__TASK TO COMPLETE__.
The answer is the full set of records, given again exactly and without images.
··· AVAILABLE RECORDS
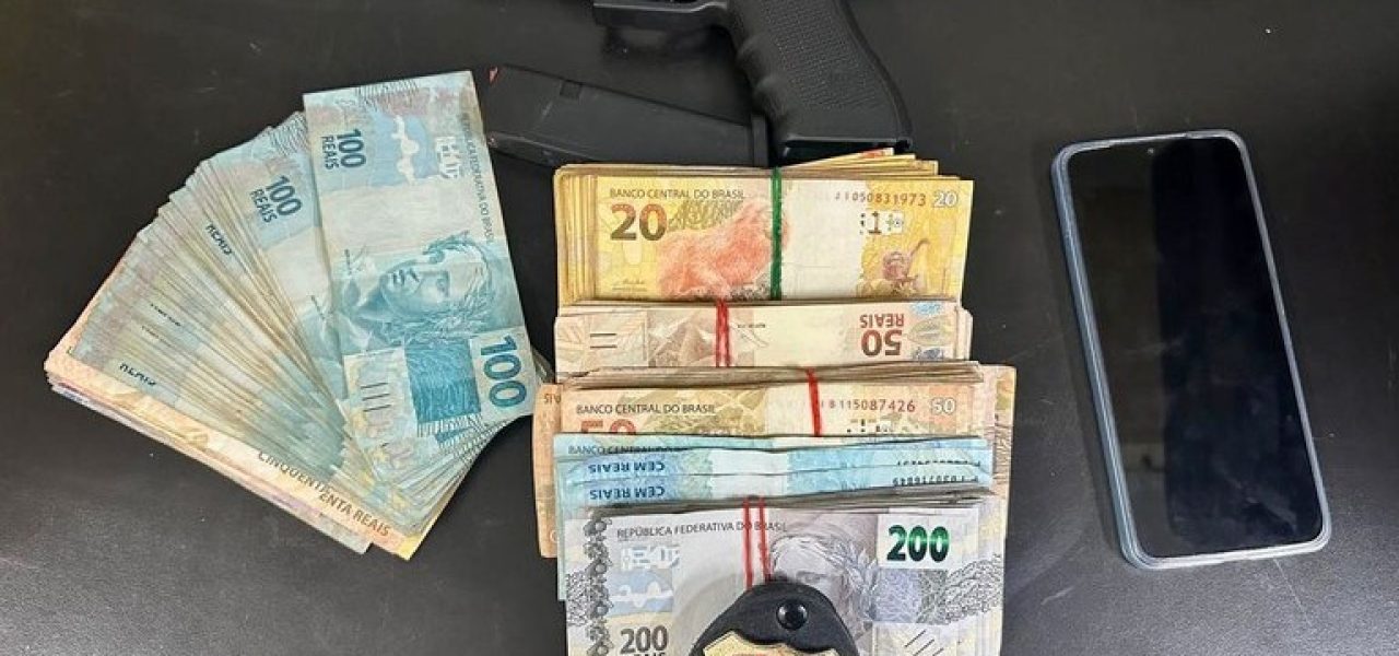 Além da arma, foram apreendidos dois aparelhos celulares e a quantia de aproximadamente R$ 7,5 mil em dinheiro.
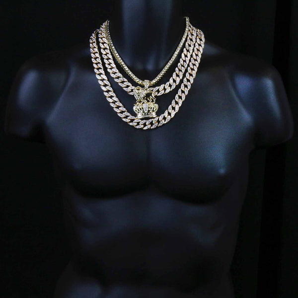 The BlingKingStar Tennis/Cuban Choker Set pays tribute to the multi use trend rooted by prominent hip hop artists And Sport Stars. Each choker is plated with a 14K Gold finish...
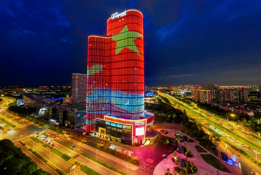 苏州龙之梦酒店集群坐落于高新区太湖大道南、龙山路西,其圆弧形建筑外观极具辨识度,成为太湖科技城的新地标。
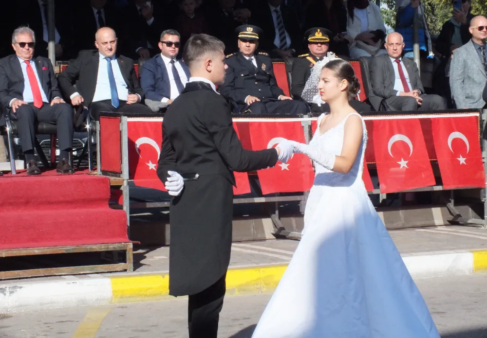 Cumhuriyet Caddesi’ndeki kutlama saygı duruşu ve İstiklal Marşı’nın okunmasıyla başladı.
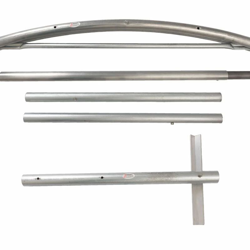 Create 14′-wide, fixed or moveable, peaked structures with bows made from 2½ pieces of chain-link fence top rail. Includes extensive instructions for building a fixed tunnel with traditional style coverings as well as a set written for Eliot Coleman’s modular moveable “cathedral” tunnel that can be broken down into modules and seasonally moved anywhere on your farm. These 14′ wide structures are designed to cover four 30″ beds and will also allow two rows of 6′ Quick Hoops™ low tunnels to be erected within them for added protection over the winter. Includes separate jigs for the side hoops and peak section, plus mounting hardware.
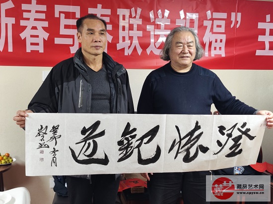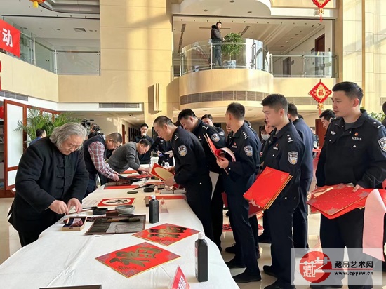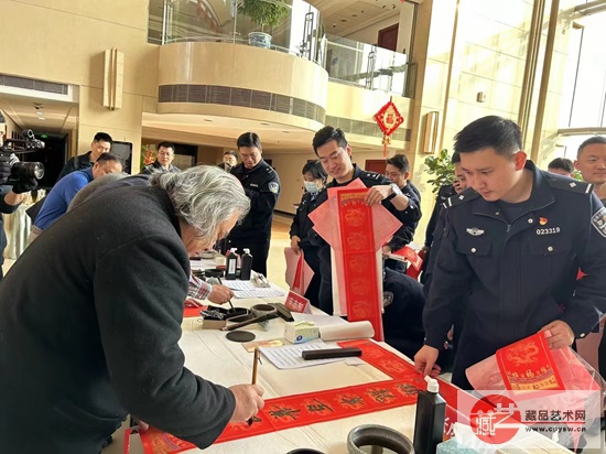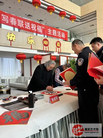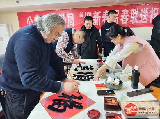 活动现场,张成银、辛志东和薛居波三位书画名家为公安部某局干警写春送福
······
__FINAL ANSWER__.
 Além da arma, foram apreendidos dois aparelhos celulares e a quantia de aproximadamente R$ 7,5 mil em dinheiro.
 The BlingKingStar Tennis/Cuban Choker Set pays tribute to the multi use trend rooted by prominent hip hop artists And Sport Stars. Each choker is plated with a 14K Gold finish...
 苏州龙之梦酒店集群坐落于高新区太湖大道南、龙山路西,其圆弧形建筑外观极具辨识度,成为太湖科技城的新地标。
 Cumhuriyet Caddesi’ndeki kutlama saygı duruşu ve İstiklal Marşı’nın okunmasıyla başladı.
 Create 14′-wide, fixed or moveable, peaked structures with bows made from 2½ pieces of chain-link fence top rail. Includes extensive instructions for building a fixed tunnel with traditional style coverings as well as a set written for Eliot Coleman’s modular moveable “cathedral” tunnel that can be broken down into modules and seasonally moved anywhere on your farm. These 14′ wide structures are designed to cover four 30″ beds and will also allow two rows of 6′ Quick Hoops™ low tunnels to be erected within them for added protection over the winter. Includes separate jigs for the side hoops and peak section, plus mounting hardware.
 活动现场,张成银、辛志东和薛居波三位书画名家为公安部某局干警写春送福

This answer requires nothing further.